The angiotensin II type 2 (AT2) receptor promotes axonal regeneration in the optic nerve of adult rats.

Authors:
R Lucius, S Gallinat, P Rosenstiel, T Herdegen, J Sievers, T Unger
Year of publication:
1998
Volume:
188
Issue:
4
Issn:
0022-1007
Journal title abbreviated:
J EXP MED
Journal title long:
The journal of experimental medicine
Impact factor:
11.240
Abstract: 
The renin-angiotensin system (RAS) has been traditionally linked to blood pressure and volume regulation mediated through the angiotensin II (ANG II) type 1 (AT1) receptor. Here we report that ANG II via its ANG II type 2 (AT2) receptor promotes the axonal elongation of postnatal rat retinal explants (postnatal day 11) and dorsal root ganglia neurons in vitro, and, moreover, axonal regeneration of retinal ganglion cells after optic nerve crush in vivo. In retinal explants, ANG II (10(-7)-10(-5) M) induced neurite elongation via its AT2 receptor, since the effects were mimicked by the AT2 receptor agonist CGP 42112 (10(-5) M) and were entirely abolished by costimulation with the AT2 receptor antagonist PD 123177 (10(-5) M), but not by the AT1 receptor antagonist losartan (10(-5) M).

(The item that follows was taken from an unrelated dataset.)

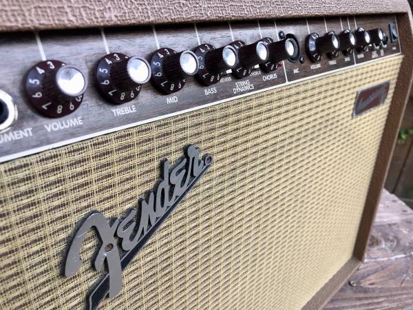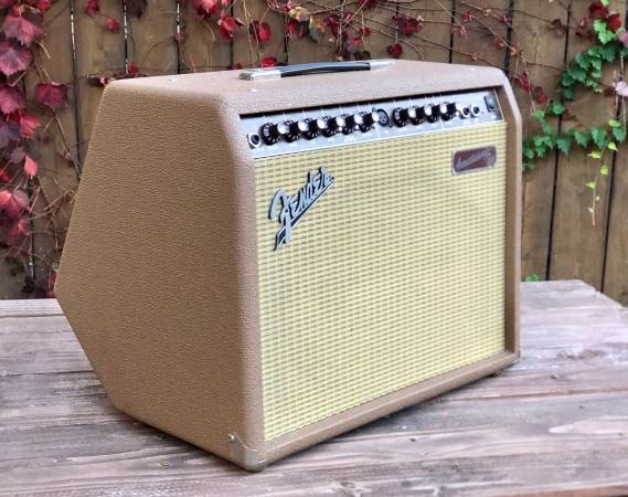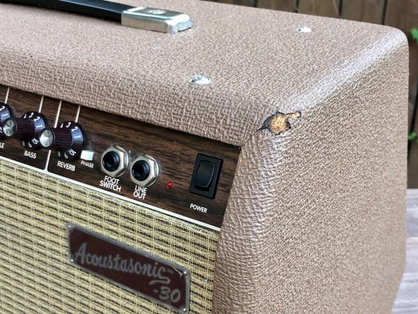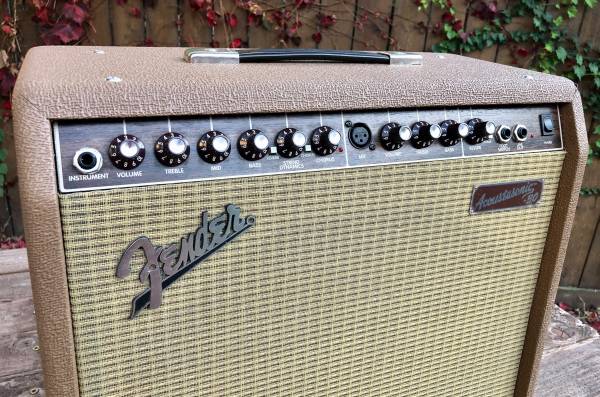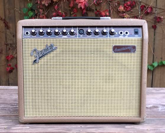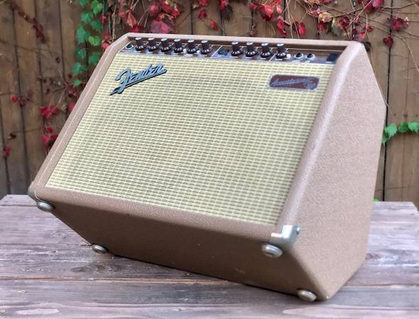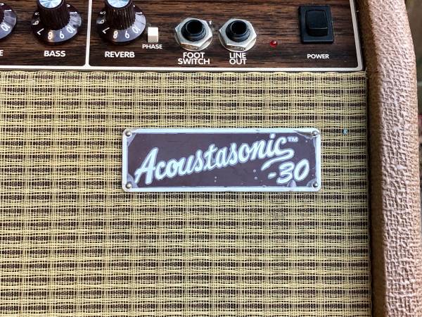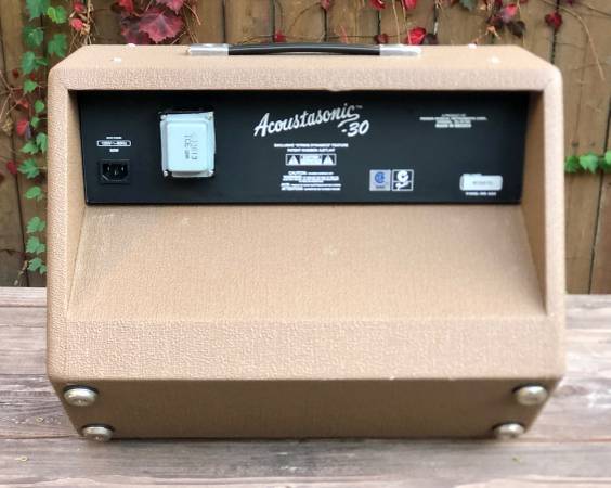 From legacy Fender data: "This new amp, an upgraded version of Fender's popular Acoustasonic 30, features digital effects including Reverb, Delay, Chorus, Vibratone, and more, all optimized especially for acoustic performers. Each of the amp's two channels provides FX Select and FX Level control and onboard feedback reduction gives you the finishing touch to your professional overall sound. The Acoustasonic 30 DSP is powered by a 30-watt amp driving an 8" speaker and a tweeter. Other features include a built-in tilt-back angle, phantom-powered XLR mic input, and more.

To investigate whether ANG II is able to promote axonal regeneration in vivo, we performed optic nerve crush experiments in the adult rats. After ANG II treatment (0.6 nmol), an increased number of growth-associated protein (GAP)-43-positive fibers was detected and the regenerating fibers regularly crossed the lesion site (1.6 mm). Cotreatment with the AT2 receptor antagonist PD 123177 (6 nmol), but not with the AT1 receptor antagonist losartan (6 nmol), completely abolished the ANG II-induced axonal regeneration, providing for the first time direct evidence for receptor-specific neurotrophic action of ANG II in the central nervous system of adult mammals and revealing a hitherto unknown function of the RAS.